I just heard someone say "yeah, no" to start a sentence and I know that I also use that phrase sometimes but have never thought how stupid it sounds. I decided to google it to see why we say it and where it came from and I came across this thread so I decided to weigh in. I live in Canada and I hear and say that awful phrase to start sentences that have nothing to do with a yes or a no answer. Though I know we're no longer saying "you know" or "y'know" I believe it is possible that that's where this originated from.


----------



## JustKate

I kind of like _yeah no_. I don't think I use it often, but I definitely use it. In my experience, it's used to affirm part of a statement (often a very small part) but deny the main point of the statement. For example: 
A: Would you like to do ____(whatever)___?
B: Yeah (I appreciate the invitation but) no (I definitely don't want to do that).


----------



## dadane

This is everyday speech in NZ, so much so that I have picked up the habit myself. It serves the same function as 'yes and no' does in BE but doesn't require the elaboration.


----------



## suzi br

Marvellous!  I predict you spot it in The Telegraph by the end of 2015.


----------



## ewie

JustKate said:


> In my experience, it's used to affirm part of a statement (often a very small part) but deny the main point of the statement.





dadane said:


> It serves the same function as 'yes and no'


It performs neither of those sophisticated functions in the UK.  Here it's no more meaningful than (say) farting or burping before every utterance.


suzi br said:


> Marvellous!  I predict you spot it in The Telegraph by the end of 2015.


I'll have to start _reading_ The Telegraph first, Suze


----------



## Phil-Olly

Yeah, I hear it all the time, and suspect I've even used it myself (although I shudder at the thought).

I've suspected for a while that it's a variant of starting a sentence with "No...", used as a picking up a thread.  I remember remarking to some friends (I suspect more than 40 years ago!) that this was a kind of weird trait in speech and none of them had any idea what I was talking about.

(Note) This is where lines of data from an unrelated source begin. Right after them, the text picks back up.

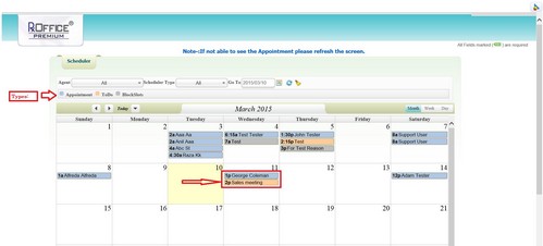 Also other type of activity can be filtered by selecting the specific type in the scheduler type drop down menu. They are: Appointment, To Do, and/or Block Slot. User would need to click on the refresh button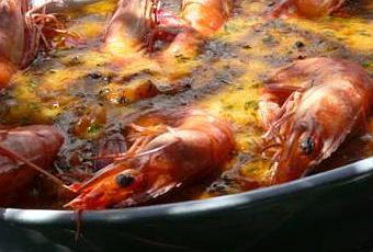 J’ai laissé le plat au four le temps que l’on déguste l’entrée et baissé le thermostat à 90 / 100° pour maintenir les filets de sole au chaud et ajouté à ce moment là, les gambas tout autour du plat en décoration. Ainsi, tout sera bien chaud au moment de servir.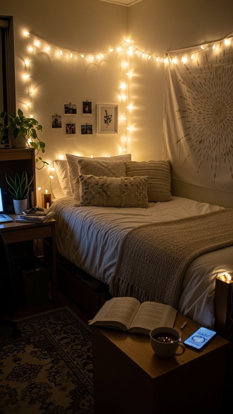 Now your room feels warm and intentional instead of institutional. You can adjust lighting based on mood, and the space immediately feels more like a retreat than a box.

A: "Have you seen Star Wars?"
B: "Yes, of course."
C: "Yes, so have I"
D: "Me too."
pause
A: "No, the reason I asked was ......"

What function does the "No" serve?  Perhaps these days, more likely:  "Yeah, no, the reason I asked was ....."

Maybe we're just getting increasingly indecisive ....?


----------



## JustKate

What _no_ does in Phil-Olly's example is say "I didn't really just want to talk about whether you've seen the movie. What I'm actually interested in is..." Of course, you'd don't need _no_ to do that - you could just start with "The reason I asked," but _no_ functions as a sort of shorthand for "I'd like to change the subject slightly."

At least that's what it means when I use it. 




			
				Ewie said:
			
		

> It performs neither of those sophisticated functions in the UK. Here it's no more meaningful than (say) farting or burping before every utterance.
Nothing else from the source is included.